Potential harms of pharmacological management for acute behavioural disturbance in children

Note: If pharmacological management is used for children, always monitor the child closely for adverse drug effects.

Pharmacological management for children with acute behavioural disturbance can be associated with potential harms. If pharmacological management for children is used, always seek expert advice and monitor the child closely for adverse drug effects; see Principles of monitoring a patient with acute behavioural disturbance for more information.
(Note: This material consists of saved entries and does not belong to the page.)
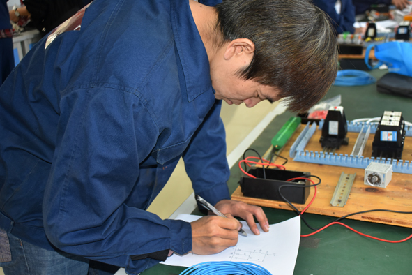 畫(huà)圖紙,選配件,接線(xiàn)、調試、通電……10月31日,在宜興電大實(shí)訓基地,中辰電纜第四屆職工崗位技能競賽電工實(shí)踐操作考試同臺比拼。
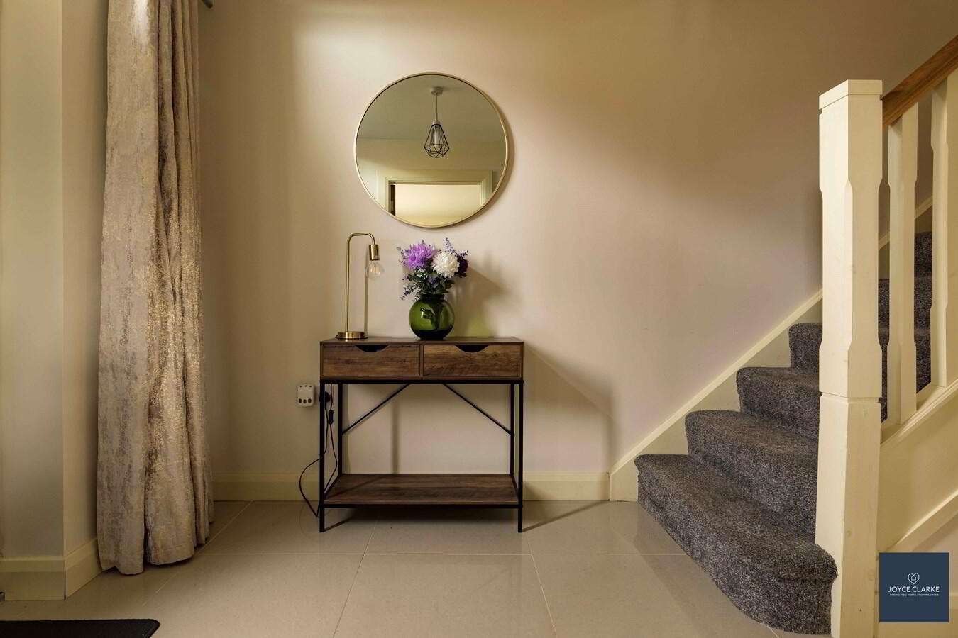 ENTRANCEComposite entrance door with glazed panel. Tiled flooring. Double panel radiator. Understairs storage area.
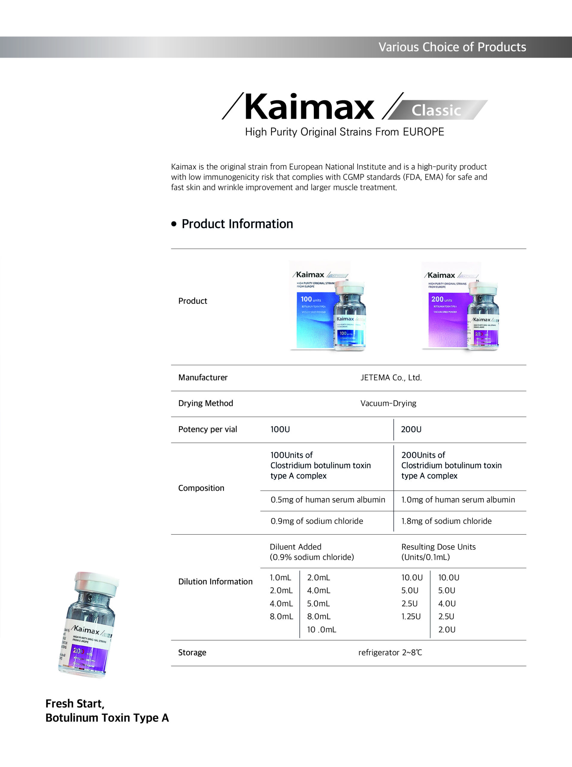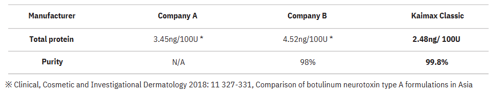 Kaimax เป็นสายพันธุ์ดั้งเดิมจากสถาบันแห่งชาติยุโรปและเป็นผลิตภัณฑ์ที่มีความบริสุทธิ์สูง มีความเสี่ยงผลต่อภูมิคุ้มกันต่ำตามมาตรฐาน CGMP (FDA, EMA) เพื่อความปลอดภัยในการรักษาปัญหาผิว, ริ้วรอยและรักษากล้ามเนื้อขนาดใหญ่
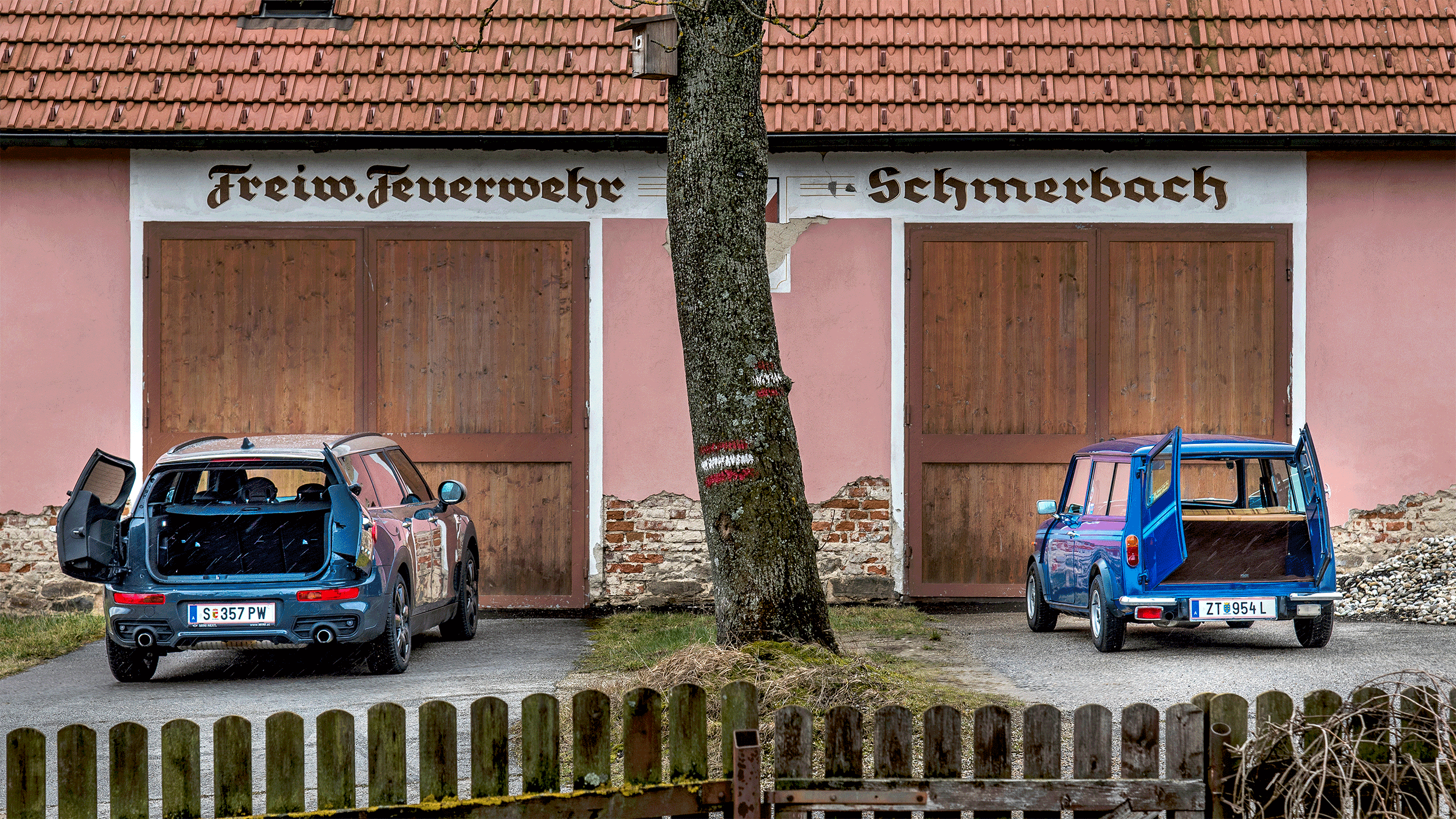 Mini? Was ist da dran Mini?" Die Frage meiner Zapfsäulen-Nachbarin, die da einen Kleinwagen fernöstlicher Herkunft betankt, ist gerechtfertigt. Denn ihr fahrbarer Untersatz ist optisch um zumindest eine Klasse kleiner. Kein Wunder. Der neue Clubman, quasi der Kombi von Mini, ist genau so groß wie der aktuelle VW Golf. Seine gestreckte Silhouette erinnert unverkennbar an den Mini Clubman Estate aus den 1970er-Jahren, der beim Fototermin dabei war und daneben echt putzig wirkte.
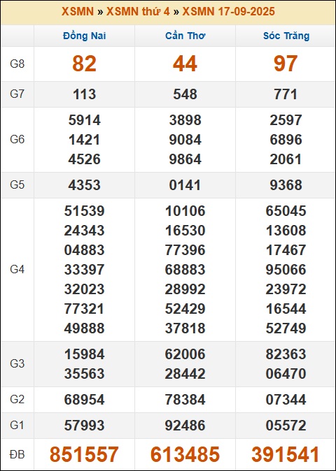 1. ✔️Xem lại KQXSMN thứ 4 tuần trước 17/9/2025
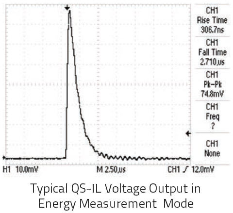如果您需要在全光譜范圍內測量脈沖激光從 nJ 到 mJ 的性能,那么我們的熱釋電探測器是您的理想選擇!左圖的示波器軌跡為 QS9-IL 與作為積分焦耳計的 QS-I-TEST 配合使用時的典型輸出。請注意,該軌跡很快上升到峰值,然后較為緩慢地下降,這一軌跡由為積分電路選擇的 RC 時間常數決定。在這一配置下,您可以測量絕對脈沖能量、重復頻率和脈沖穩定性。源的最大脈沖寬度由您選擇的 RC 時間常數決定,脈沖可以非常短!
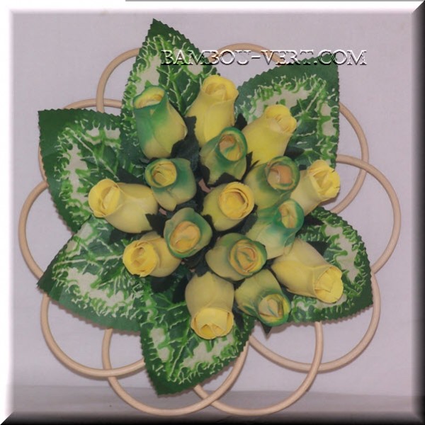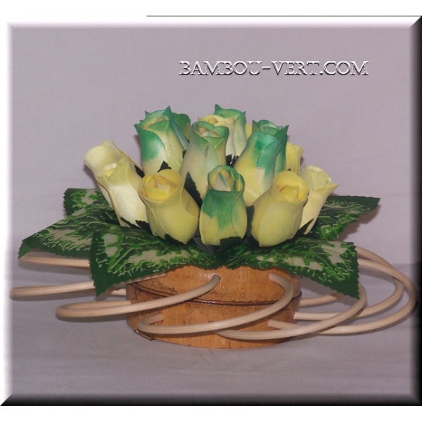 Un noeud de bambou sert de support aux fleurs et au rotin dont est orné l'ensemble.
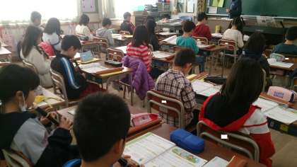 3年生の音楽で、リコーダーの演奏に取り組んでいます。演奏曲は、「ゆかいな木きん」です。
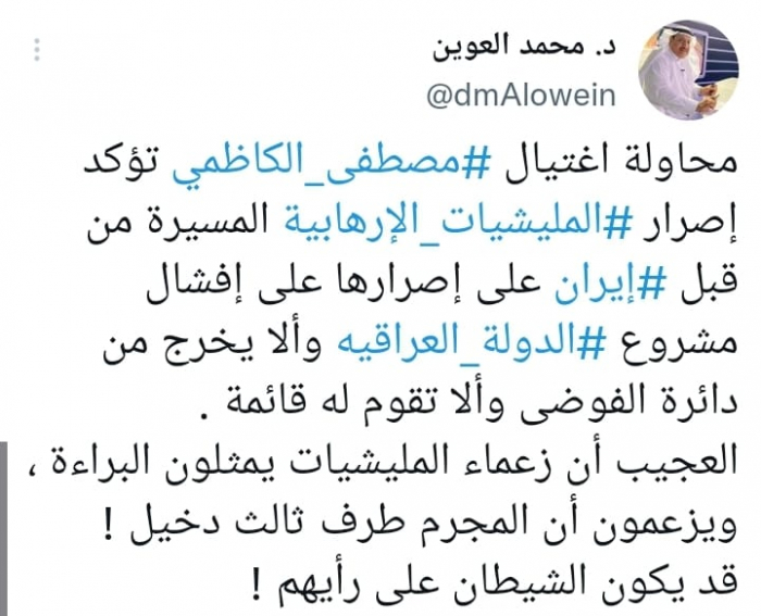 واعتبر في تغريدة على حسابه بموقع التدوين المصغر تويتر، اليوم أن: "محاولة اغتيال مصطفى الكاظمي تؤكد إصرار المليشيات الإرهابية المسيرة من قبل إيران على إفشال مشروع الدولة العراقية وألا يخرج من دائرة الفوضى وألا تقوم له قائمة".
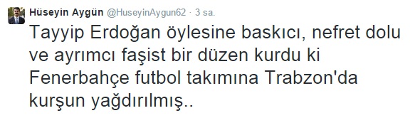 CHP Tunceli Milletvekili Hüseyin Aygün, Fenerbahçe takım otobüsünün Rize deplasmanı dönüşünde uğradığı silahlı saldırı sonrası sosyal paylaşım sitesi Twitter'dan tepki çeken bir mesaj paylaştı.
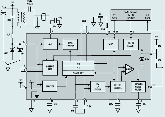 LM1893芯片是美国国家半导体公司生产的专用电力载波通信芯片,该芯片价格低廉,使用方便,精度高,可靠性好,可以实现任意编码方式的数字序列的半双工通信,其特性如下:
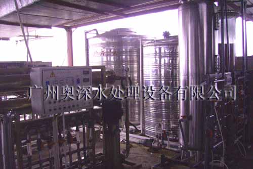 ●源水(箱)→源水泵→機械過濾器→活性炭過濾器→軟水器(根據水的硬度來選用)→精密過濾器→高壓泵→反滲透裝置→中間水箱→陰陽離子混合床→微孔過濾器→用水點
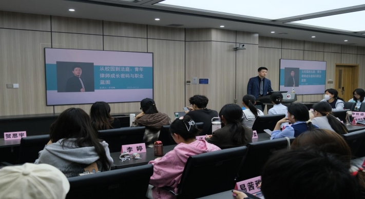 互动环节,贠律师解答了同学们对于就业前景的疑惑,讲解了法律的实践问题,并提供了相关建议。
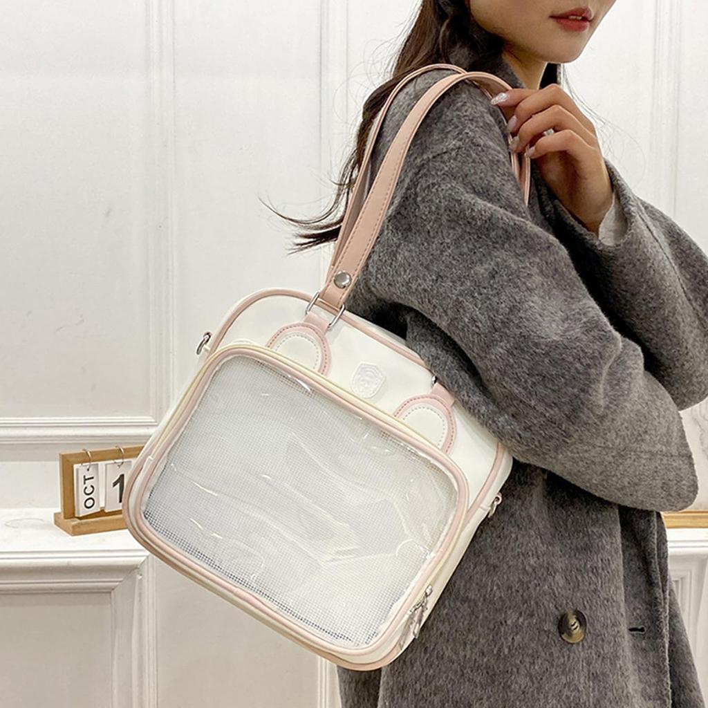 [Внешний вид] Квадратная сумка Ita имеет дизайн с прозрачным окном с одной стороны, а верхняя часть прозрачного окна украшена медвежьими ушками. Вы можете расположить внутри товары Moe, которые хотите выставить, по своему вкусу, а также защитить плюшевые игрушки от воды и пыли.. Сумка имеет двойную застежку-молнию.
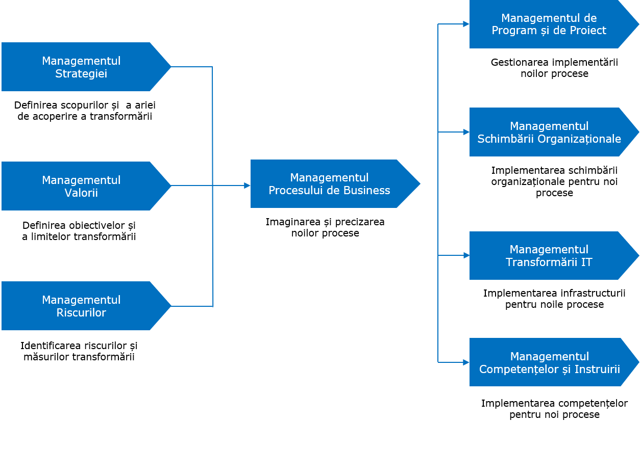 - Managementul Strategic: definește scopurile și obiectivele transformării;
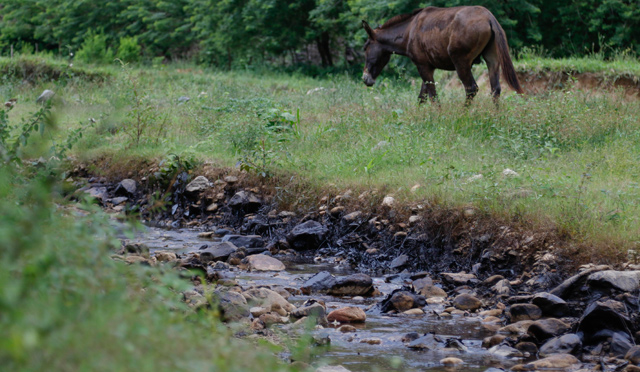 A pesar de las labores de limpieza, el tornasolado en algunas partes de la cañada y sus orillas negras son el reflejo del daño irreparable. Los animales que pastan alrededor de ella también son muestra de lo ocurrido: parecen untados de fango negro.
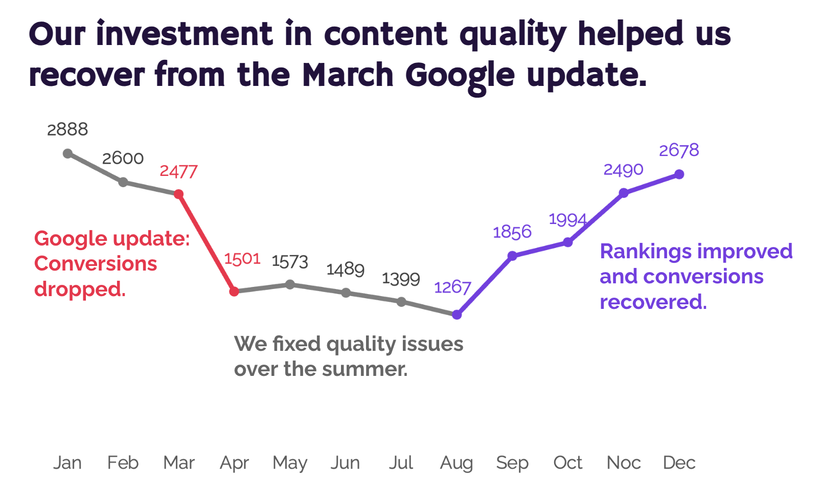 A line graph which uses color and annotations to tell the story. The chart is titled: “Our investment in content quality helped us recover from the March Google Update”. In months where conversions dropped the line and data labels are red and the annotation reads: “Google update: Conversions dropped”. In the months where conversions remained reasonably steady, the line and data labels are grey, and the annotation reads: “We fixed quality issues over the summer”. In the months when conversions recovered the line and data labels are purple, and the annotation reads: “Rankings improved and conversions recovered”..

Potential harms that are associated with sedative drugs include:

  • oversedation
  • airway obstruction
    • loss of airway tone and protective reflexes
    • laryngospasm
  • respiratory depression
  • aspiration
  • hypotension
  • QT-interval prolongation and arrhythmias
  • complications of immobility (eg pressure injury)
  • paradoxical agitation
  • extrapyramidal adverse effects of antipsychotic drugs 
  • anticholinergic adverse effects of antipsychotic drugs.

Oversedation, causing unconsciousness and loss of protective airway reflexes, is an emergency—if this occurs, seek expert assistance to manage the airway and breathing urgently according to advanced life support protocols1. This is rare after oral sedative drug administration—complications are more likely after parenteral administration of sedative drugs.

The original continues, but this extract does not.